— TASK STATEMENT —
Every line of the entries below from the one containing "这说明 Engram 把局部模式交给查表后,注意力资源更集中到全局依赖上。" to the one containing "1911 10¢ ICCS", both ends included, must be written out exactly. No other line belongs in the answer.

— SUPPLIED RECORDS —
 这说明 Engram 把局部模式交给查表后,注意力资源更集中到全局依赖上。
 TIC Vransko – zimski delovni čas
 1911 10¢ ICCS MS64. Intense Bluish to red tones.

---

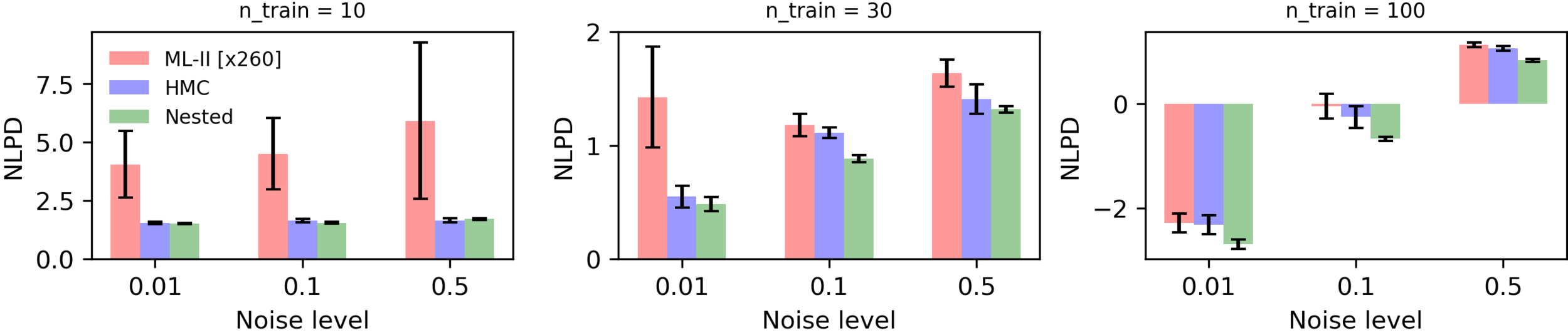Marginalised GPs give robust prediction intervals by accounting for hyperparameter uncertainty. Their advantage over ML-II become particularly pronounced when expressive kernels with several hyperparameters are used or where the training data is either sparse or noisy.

— SOLUTION BELOW —
 这说明 Engram 把局部模式交给查表后,注意力资源更集中到全局依赖上。
 TIC Vransko – zimski delovni čas
 1911 10¢ ICCS MS64. Intense Bluish to red tones.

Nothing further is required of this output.